[Raw data]
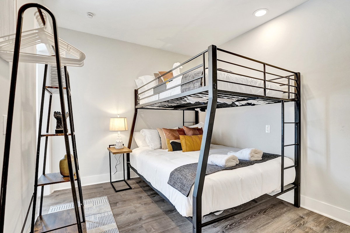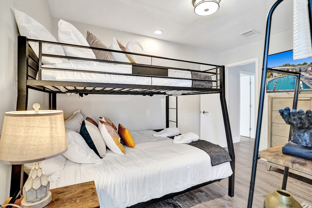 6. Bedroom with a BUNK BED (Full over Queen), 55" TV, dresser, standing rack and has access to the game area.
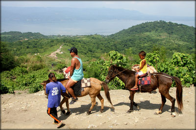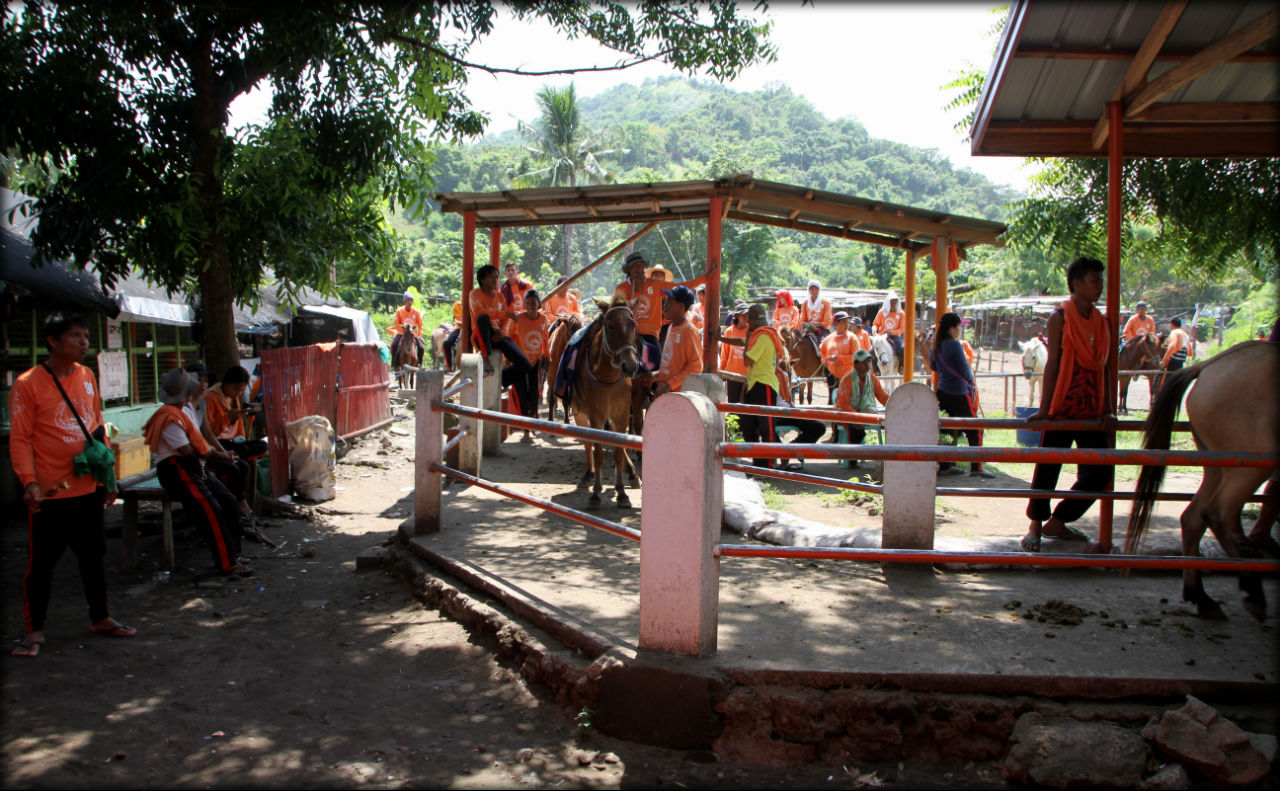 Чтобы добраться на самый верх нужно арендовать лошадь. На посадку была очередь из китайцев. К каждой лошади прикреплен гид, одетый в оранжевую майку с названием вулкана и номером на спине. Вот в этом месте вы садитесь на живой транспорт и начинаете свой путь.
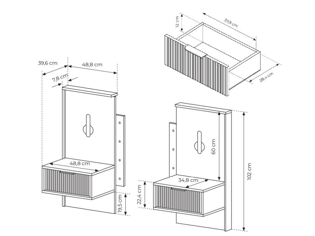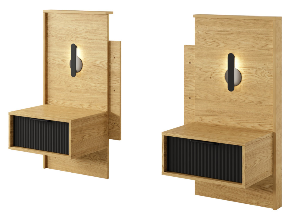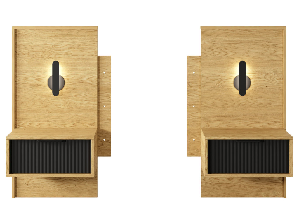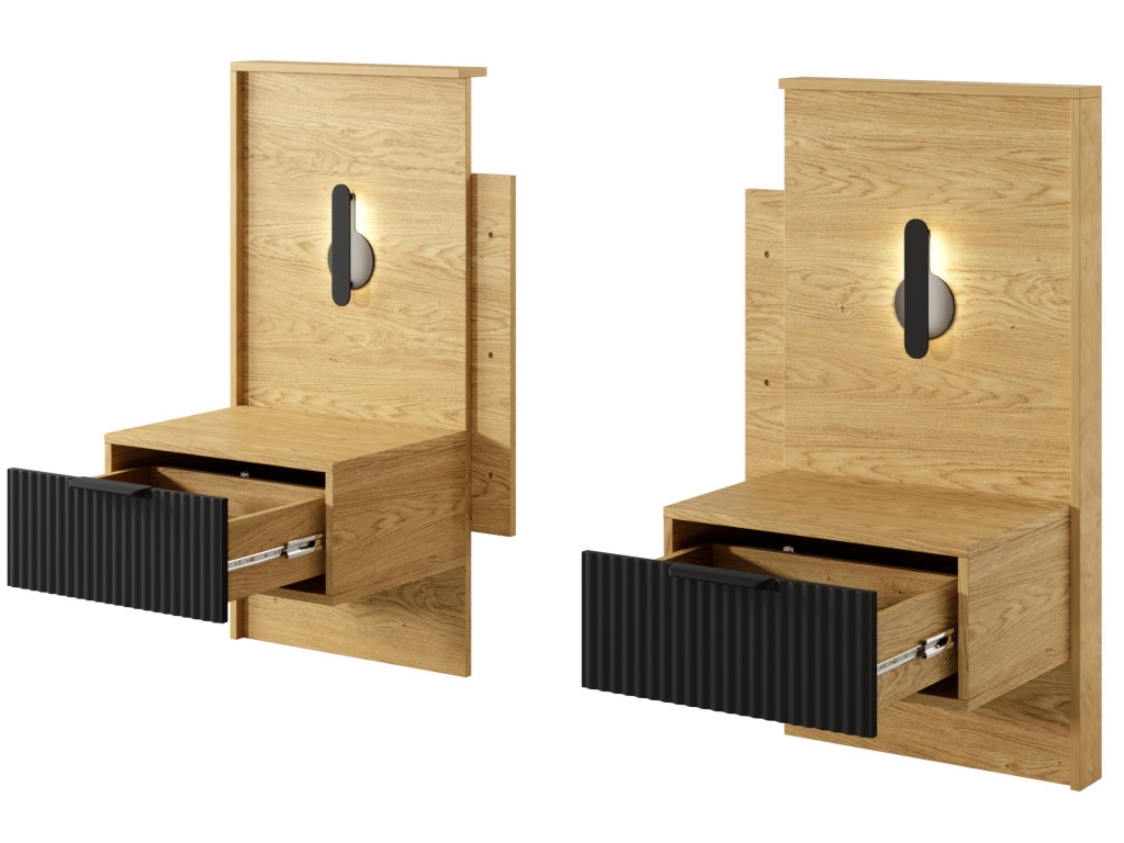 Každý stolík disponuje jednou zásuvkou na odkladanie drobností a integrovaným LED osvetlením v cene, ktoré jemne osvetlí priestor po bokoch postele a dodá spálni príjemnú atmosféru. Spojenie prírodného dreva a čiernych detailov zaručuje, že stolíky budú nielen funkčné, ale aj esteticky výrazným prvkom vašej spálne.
[/Raw data]
Work to be completed:
Where a picture appears in the material above, skip it, and print the rest exactly.

Final answer:
 6. Bedroom with a BUNK BED (Full over Queen), 55" TV, dresser, standing rack and has access to the game area.
 Чтобы добраться на самый верх нужно арендовать лошадь. На посадку была очередь из китайцев. К каждой лошади прикреплен гид, одетый в оранжевую майку с названием вулкана и номером на спине. Вот в этом месте вы садитесь на живой транспорт и начинаете свой путь.
 Každý stolík disponuje jednou zásuvkou na odkladanie drobností a integrovaným LED osvetlením v cene, ktoré jemne osvetlí priestor po bokoch postele a dodá spálni príjemnú atmosféru. Spojenie prírodného dreva a čiernych detailov zaručuje, že stolíky budú nielen funkčné, ale aj esteticky výrazným prvkom vašej spálne.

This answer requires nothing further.